This is predominantly through the eyes of social workers that went to Nauru and Manus in response to an advertisement for a “working holiday”. Experience of working with asylum seekers was not required.

The initial naivety of these workers is replaced with horror at the situation they find — including such things as being asked to learn how to use a Stanley knife to cut down people who attempt suicide.

Attempts to voice concerns about the abuses they uncover — including first hand witnessing of guards beating up asylum seekers — is met with a mixture of intimidation, bureaucracy and silence from the immigration department and local police force.

Eventually, some make the decision to speak out in the face of powerful anti-whistleblowing laws.

The documentary uses simple interviews that often conceal the person's identity, gradually building up the atrocities shown through the low-grade secret footage. It never uses re-enactments, fancy infographics, music that causes a strong emotional reaction or a narrator to tell us what to think.
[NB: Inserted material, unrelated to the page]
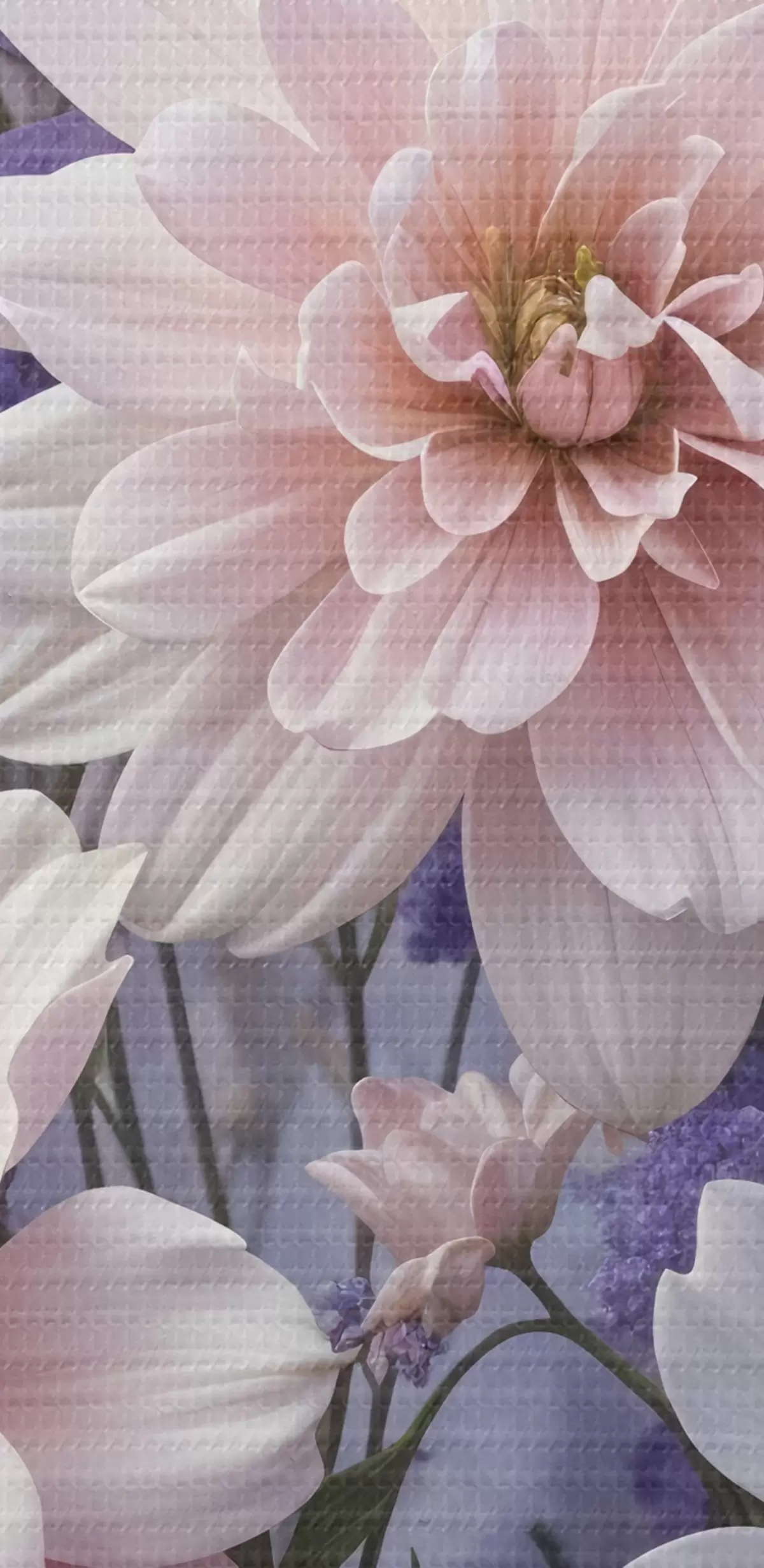 Картина Букет великих, яскравих квітів жоржин у відтінках рожевого, лавандового та білого на м'якому, розмитому тлі s41247

The director shows the audience the unfolding horrors and invites them to make up their own minds.

The scenes on the days leading up to the 2014 murder of Iranian asylum seeker Reza Berati by a security guard are particularly pertinent. It shows raw footage of guards talking about shooting protesting asylum seekers. Scenes with asylum seekers giving first-hand accounts of his murder and a former security guard speaking out make up the documentary's most powerful section.

Select excerpts of speeches from Australian politicians dispassionately continuing their support for the policy of offshore mandatory detention, juxtaposed with the increasing horrors in detention, drew a rumble of boos from the audience at the Ritz Cinema.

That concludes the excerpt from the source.